Table of Contents
The key to safe database management is making regular backups. Depending on your data volume, number of MySQL servers, and database workload, you can use these techniques, alone or in combination: hot backup with MySQL Enterprise Backup; cold backup by copying files while the MySQL server is shut down; physical backup for fast operation (especially for restore); logical backup with mysqldump for smaller data volumes or to record the structure of schema objects.
The mysqlbackup command, part of the MySQL
Enterprise Backup component, lets you back up a running MySQL
instance, including InnoDB and
MyISAM tables, with minimal disruption
to operations while producing a consistent snapshot of the database.
When mysqlbackup is copying
InnoDB tables, reads and writes to both
InnoDB and MyISAM tables can
continue. During the copying of MyISAM tables,
reads (but not writes) to those tables are permitted. MySQL
Enterprise Backup can also create compressed backup files, and back
up subsets of tables and databases. In conjunction with MySQL’s
binary log, users can perform point-in-time recovery. MySQL
Enterprise Backup is part of the MySQL Enterprise subscription. For
more details, see MySQL Enterprise Backup Overview.
If you can shut down your MySQL server, you can make a binary backup
that consists of all files used by InnoDB to
manage its tables. Use the following procedure:
Do a slow shutdown of the MySQL server and make sure that it stops without errors.
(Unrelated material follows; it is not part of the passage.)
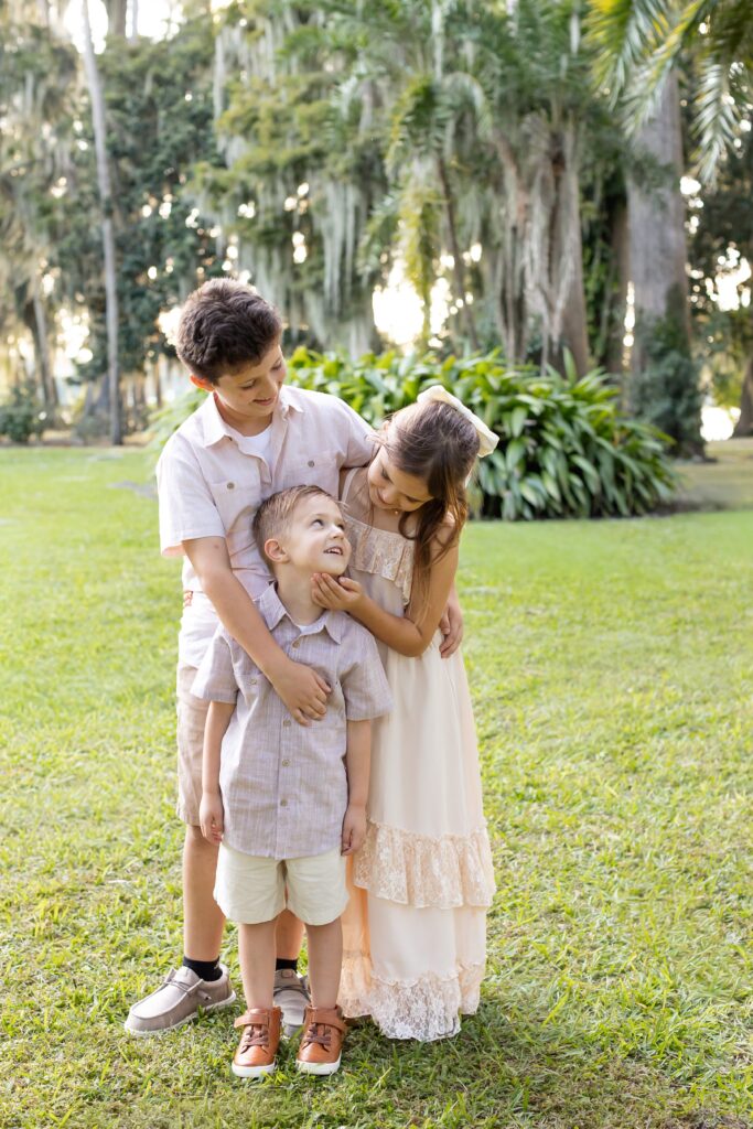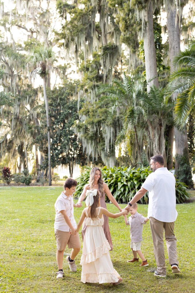 Kraft Azalea Gardens offers one of the most beautiful settings for a family photo session in Central Florida. It’s filled with towering cypress trees, soft light filtering through the leaves, and peaceful waterfront views that create a timeless backdrop. During our session, the light was absolutely perfect — that dreamy golden hour glow that makes every moment look like a painting.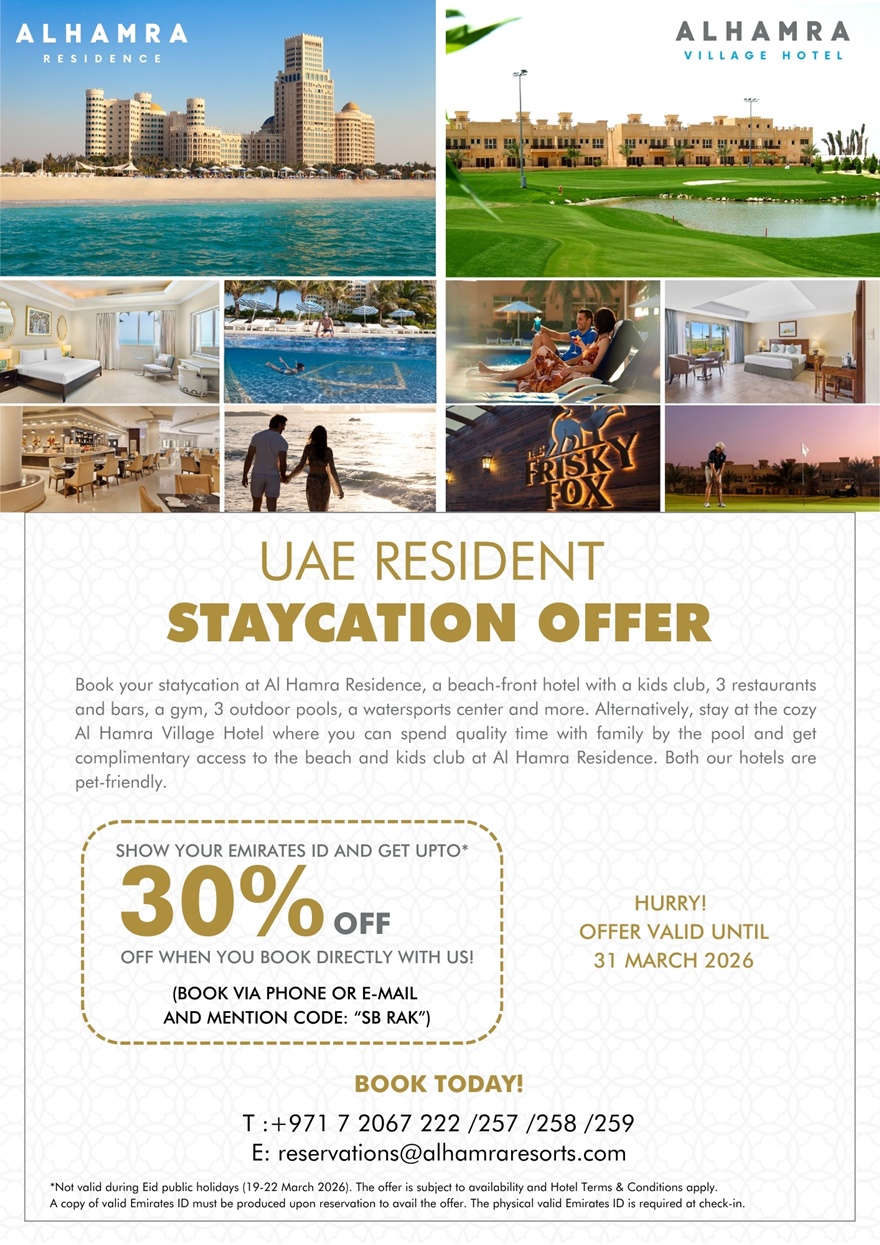 Bis Ende März gibt es in den Al Hamra Hotels – Al Hamra Residence und Al Hamra Village Hotel – interessante Staycation-Angebote für Residents.

Copy all InnoDB data files
(ibdata files and .ibd
files) into a safe place.
Copy all the .frm files for
InnoDB tables to a safe place.
Copy all InnoDB log files
(ib_logfile files) to a safe place.
Copy your my.cnf configuration file or
files to a safe place.
In addition to making binary backups as just described, regularly
make dumps of your tables with mysqldump. A
binary file might be corrupted without you noticing it. Dumped
tables are stored into text files that are human-readable, so
spotting table corruption becomes easier. Also, because the format
is simpler, the chance for serious data corruption is smaller.
mysqldump also has a
--single-transaction option for
making a consistent snapshot without locking out other clients. See
Section 1.3.1, “Establishing a Backup Policy”.
Replication works with InnoDB tables,
so you can use MySQL replication capabilities to keep a copy of your
database at database sites requiring high availability.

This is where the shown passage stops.